SANTIAGO, Chile — The long-dormant Chaiten volcano blasted ash about 20 miles into the Andean sky on Tuesday, forcing thousands to evacuate and fouling a huge stretch of the South American continent.
The thick column of ash climbed into the stratosphere and blew eastward for hundreds of miles over Patagonia to the Atlantic Ocean, forcing schools and a regional airport to close. Citizens of both countries were advised to wear masks to avoid breathing the dangerous fallout.
The five-day-old eruption is the first in at least 9,000 years for the volcano in southern Chile, according to volcanologists at the Smithsonian Institution in Washington.

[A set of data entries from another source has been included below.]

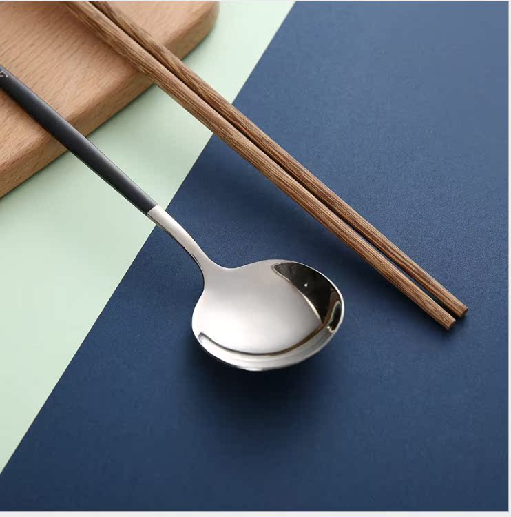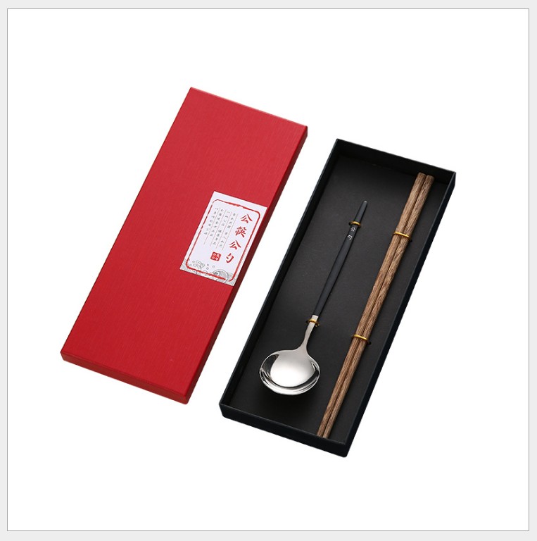 Chinese public chopsticks public spoon portable alloy tableware set solid color chicken wing wood public chopsticks spoon gift box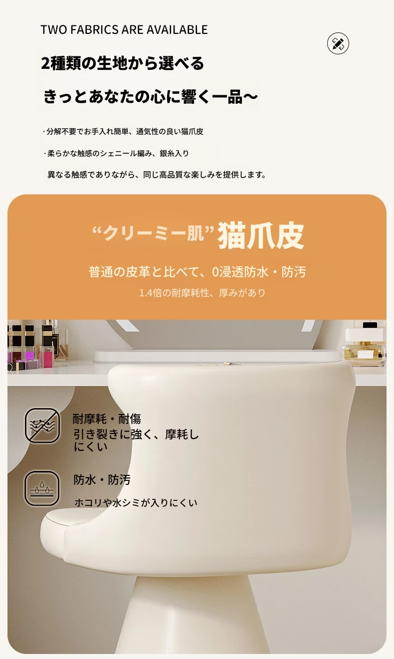 【U悦凳-クリームホワイト】キャットスクラッチ素材+360°回転ベース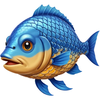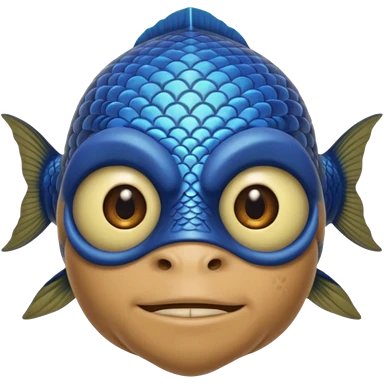 A fish man dressed in a black suit. Its face is grey fish emoji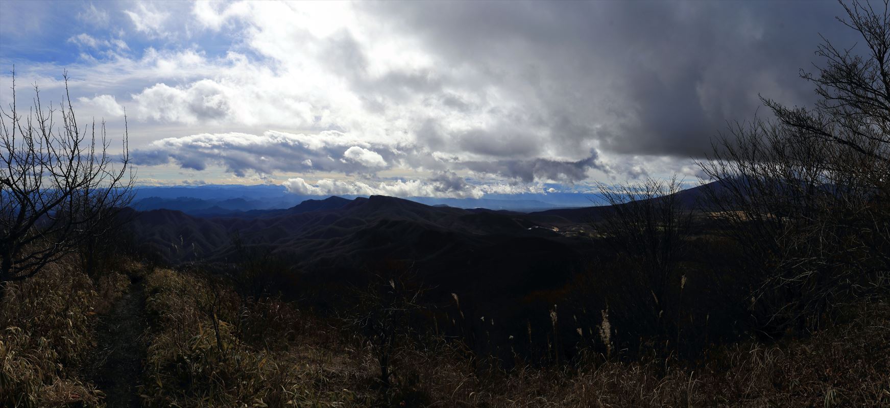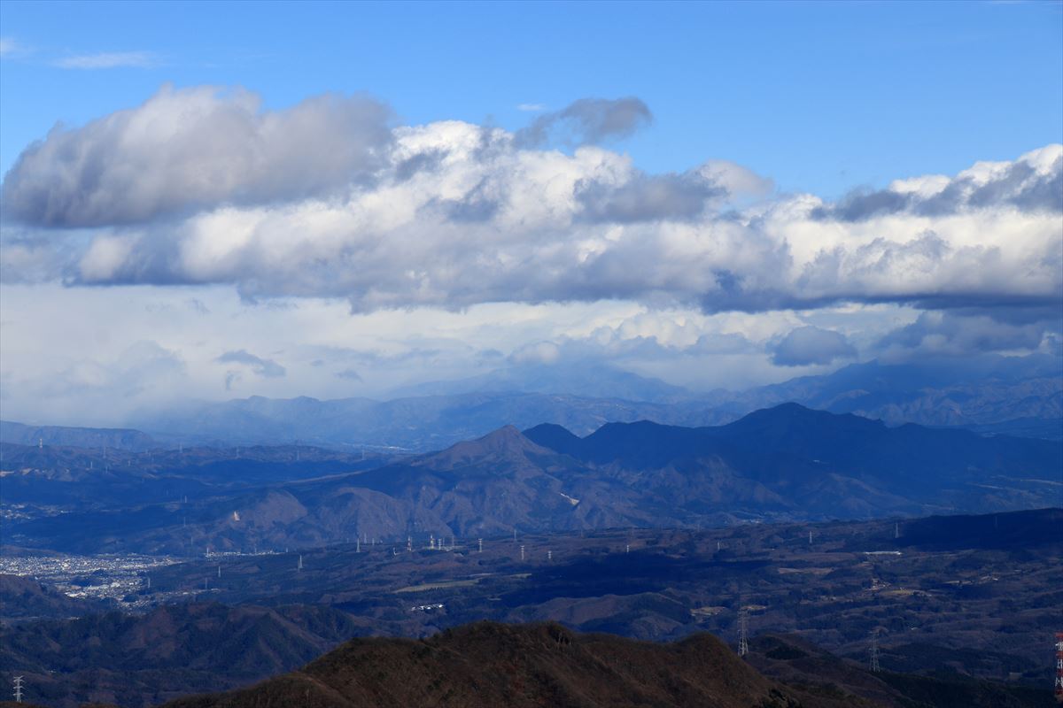 浅間隠山の右側に見えた稜線。日光白根山や尾瀬周辺の山々が見える方面ですが、粗方雲に隠れてしまっている。一方、手前の榛名山や赤城山といった山は前日同様よく見えています。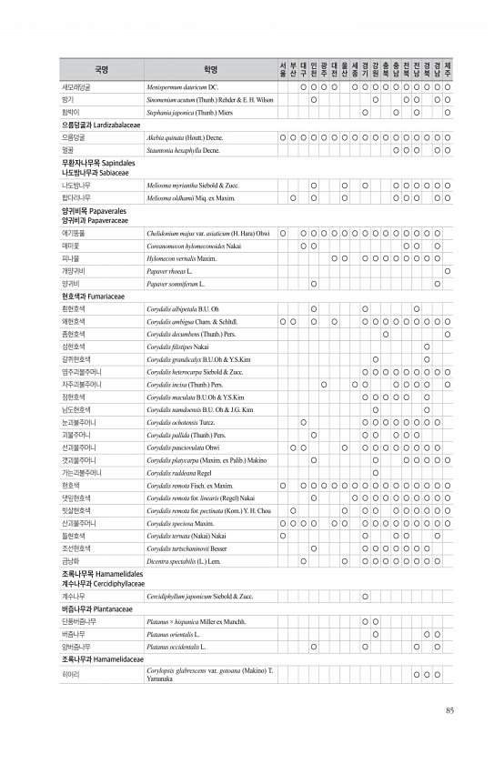 85 새모래덩굴 Menispermum dauricum DC. ○ ○ ○ ○ ○ ○ ○ ○ ○ ○ ○ ○ ○ ○ 방기 Sinomenium acutum Thunb. Rehder & E. H. Wilson ○ ○ ○ ○ ○ ○ 함박이 Stephania japonica Thunb. Miers ○ ○ ○ ○ 으름덩굴과 Lardizabalaceae 으름덩굴 Akebia quinata Houtt. Decne. ○ ○ ○ ○ ○ ○ ○ ○ ○ ○ ○ ○ ○ ○ ○ ○ ○ 멀꿀 Stauntonia hexaphylla Decne. ○ ○ ○ ○ ○ 무환자나무목 Sapindales 나도밤나무과 Sabiaceae 나도밤나무 Meliosma myriantha Siebold & Zucc. ○ ○ ○ ○ ○ ○ ○ ○ ○ 합다리나무 ...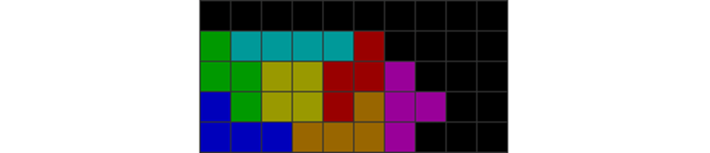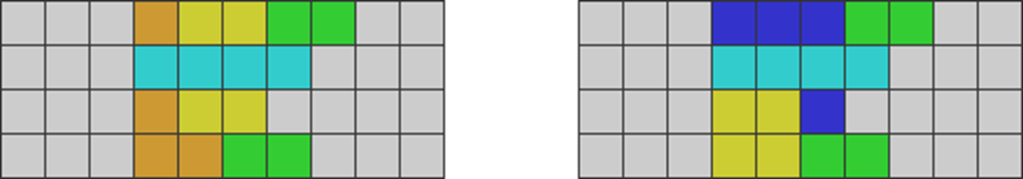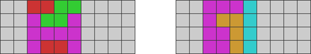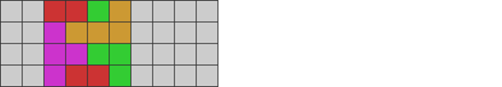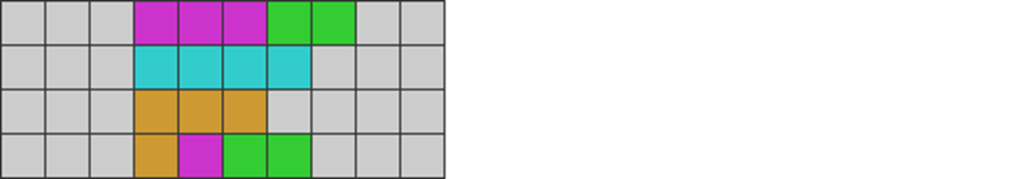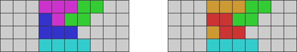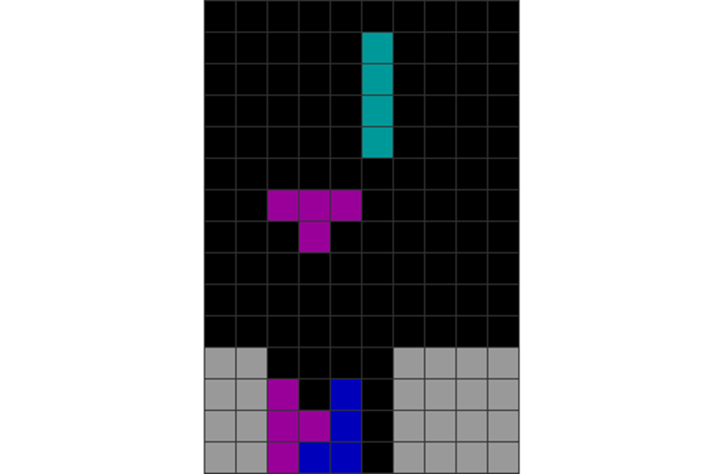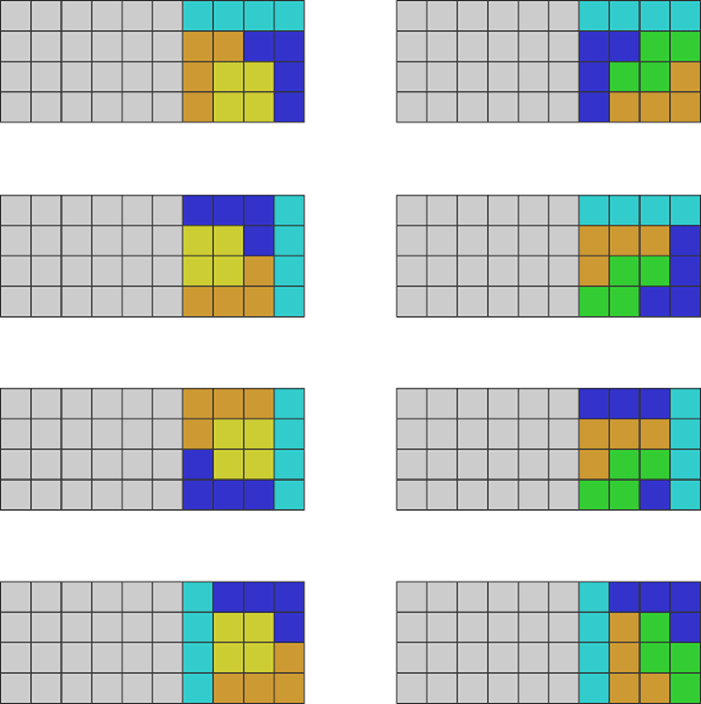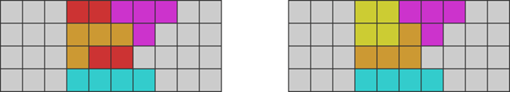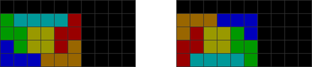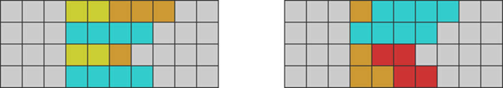 First, the number of L, J, and vertical T placements occupying the corners of a rectangular cavity must be even to create a perfect clear (minus rare exceptions, to be covered in the next book). Here’s an illustration: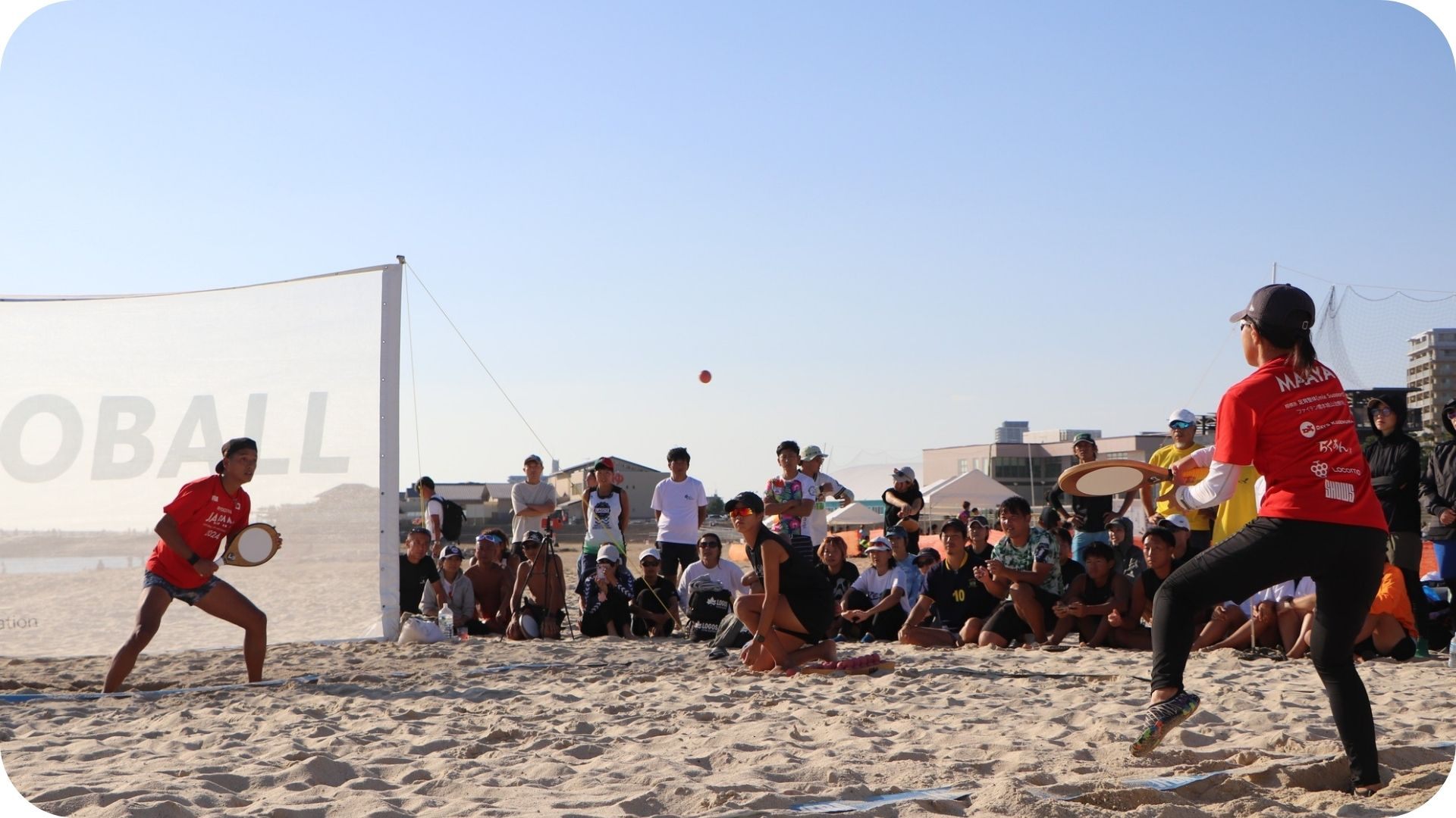 フレスコボールは、ブラジルのリオデジャネイロ発祥のビーチスポーツです。1945年にリオ・デ・ジャネイロのコパカバーナビーチで考案され、現在は世界各地のビーチで親しまれるようになっています。フレスコボールの最大の特徴は、向かい合う2人が競い合うのではなく、協力してラリーを続ける採点競技という点。競技時間は5分間、7mの距離を保って試合を行います。協力してラリーを続ける様子から「思いやりのスポーツ」とも言われています。JFBAでは、国際的なルール統一に向けてリオフレスコボール連盟(FEFERJ)と世界初の国際組織『UAFI』設立に向けて2025年10月に基本合意。世界のフレスコボール界を一つにする動きを進めています。国内では、28の公認地域クラブと6の公認学生団体が登録されています。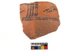 | Description / विवरण | A specimen of a potsherd. It is reddish in colour with black decorative geometric painting on it. |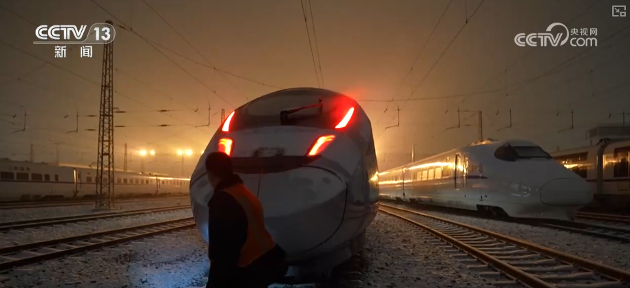央視網(wǎng)消息:12月12日,京津冀地區(qū)迎來今冬首場大范圍降雪。為確保動車組列車在低溫環(huán)境下運行狀態(tài)良好,國鐵北京局連夜開展防寒加溫作業(yè)。工作人員在零下5℃的環(huán)境中,為動車組啟動空調(diào)系統(tǒng),提升車廂溫度,防止車內(nèi)設(shè)備、水管等因低溫凍結(jié),保障動車組列車第二天安全正點出發(fā)。

Chilean officials ordered the total evacuation of Chaiten, a small provincial capital in an area of lakes and glacier-carved fjords just six miles from the roiling cloud.
Also emptied was the soot-coated border town of Futaleufu, about 75 miles from the volcano.
The gritty, gray-white blizzard covered houses, roads and even cattle. People wrapped cloths around their faces and wore surgical masks as they slogged through the mess.
About a half-inch of ash coated the Argentine tourist town of Esquel, a Patagonian resort favored by backpackers and skiers at the foot of the Andes whose airport and schools have been closed since Saturday.
The fallout covered a third of Argentina’s Minnesota-sized province of Chubut, provincial Gov. Mario Das Neves said.
Experts said it is too early to say whether the volcano will affect the world’s climate.